A few snow flurries have shut down the federal government, but they won't shut down the Lawfare news roundup---though it's a light news day anyway.
The Bureau of Investigative Journalism released a study that shows that there were between zero and four civilian casualties from U.S. drones in Pakistan last year---a dramatically lower number than years past. Reuters has the story.
Ellen Nakashima and Greg Miller of the Post discuss the many complications in the proposals President Obama outlined in his speech.

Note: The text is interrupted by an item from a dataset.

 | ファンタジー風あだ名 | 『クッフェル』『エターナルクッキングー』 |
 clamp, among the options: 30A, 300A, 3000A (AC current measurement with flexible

Need a break from Snowden-prompted debates? Over in Ukraine, government surveillance of citizens' technology takes a truly creepy turn, as reported by Andrew Kramer in the New York Times: anti-government protesters there are receiving text messages that read "Dear subscriber, you are registered as a participant in a mass disturbance." Apparently, you don't have to click through a "terms of service" agreement to register for a mass disturbance?
The U.S. has offered to deploy a special envoy to help secure the return of jailed U.S. missionary Kenneth Bae from a North Korean jail. Here's Reuters with more.

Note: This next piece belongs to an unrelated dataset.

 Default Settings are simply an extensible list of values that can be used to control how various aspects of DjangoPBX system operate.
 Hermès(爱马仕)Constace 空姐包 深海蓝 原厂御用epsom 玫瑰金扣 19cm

Russian security officials are looking for a 22-year old female terrorism suspect named Ruzanna "Salima" Ibragimova in Sochi, the site of the 2014 Olympics. And the U.S. is prepping contingency plans, which include putting two warships in the Black Sea, writes The Hill.
In Beirut, a suicide bomber killed four people in a Shiite-dominated neighborhood, reports the Times.

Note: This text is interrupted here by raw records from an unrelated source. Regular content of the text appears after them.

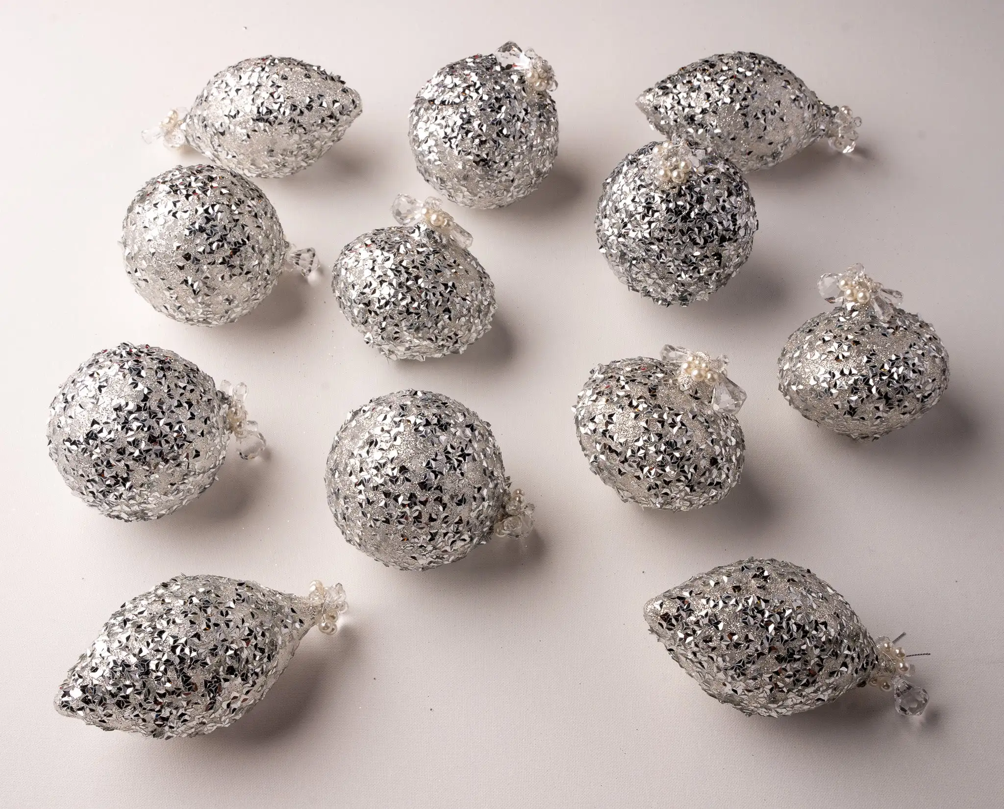 This beautiful assorted set of glass ornaments are covered in glitter that will catch light in the most delightful way all season long.
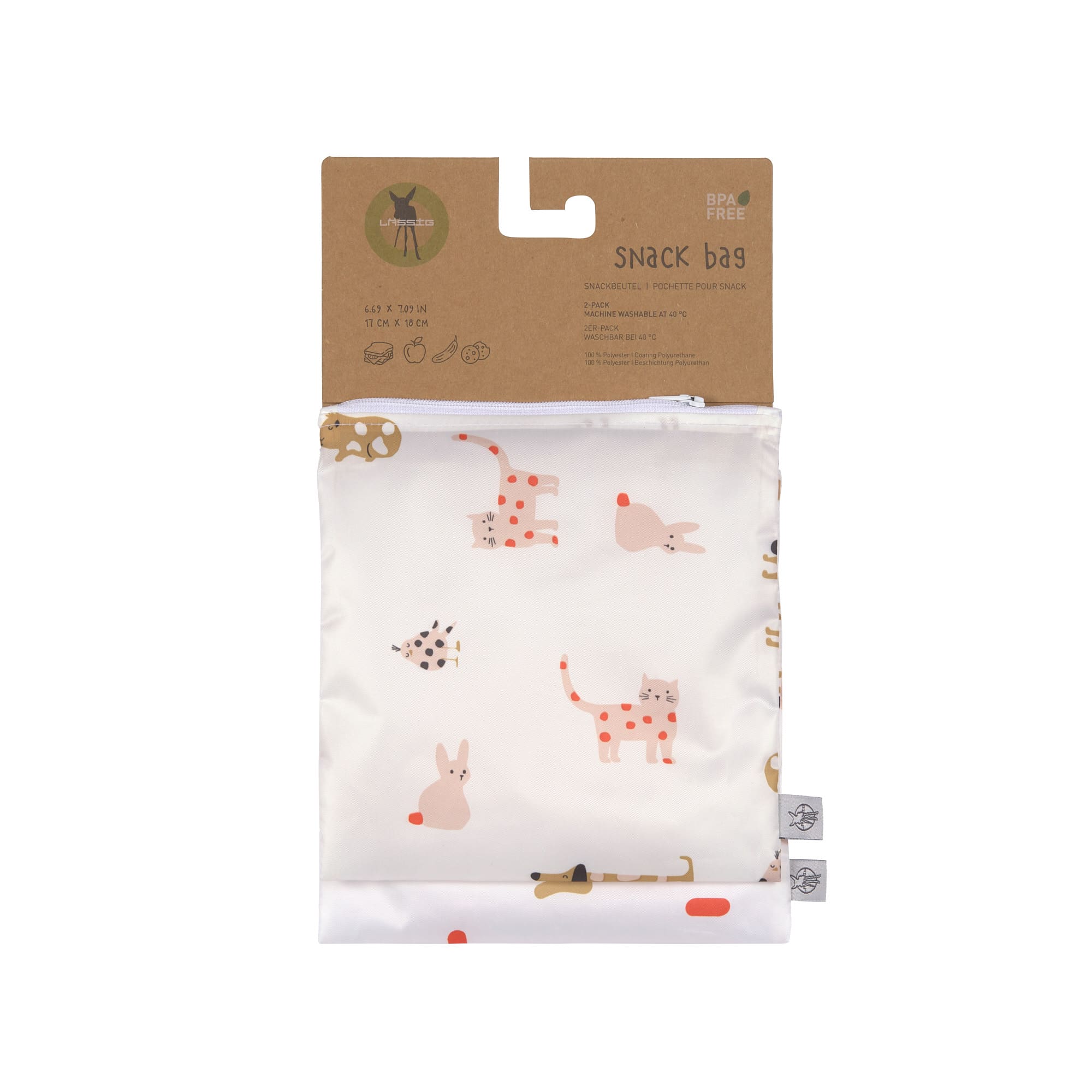 Der fröhliche LÄSSIG Frühstücksbeutel Snack Bag im 2er Pack ist der perfekte Begleiter für die Schule, den Kindergarten oder für unterwegs.
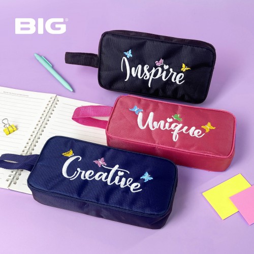 • Pencil case with an eye-catching embroidered text design (Creative, Unique, Inspire)

Jennifer Medina writes in the Times about the challenge facing the new President of the University of California system, Janet Napolitano: the clash of priorities between UC's undocumented students---immigration reform---and her last gig, during which the government deported a record number of undocumented aliens.
Today's Washington Post editorial focuses on the need for cybersecurity legislation. I guess since Congress finally passed a budget, it's time to start complaining about all the other things to which it's not paying attention.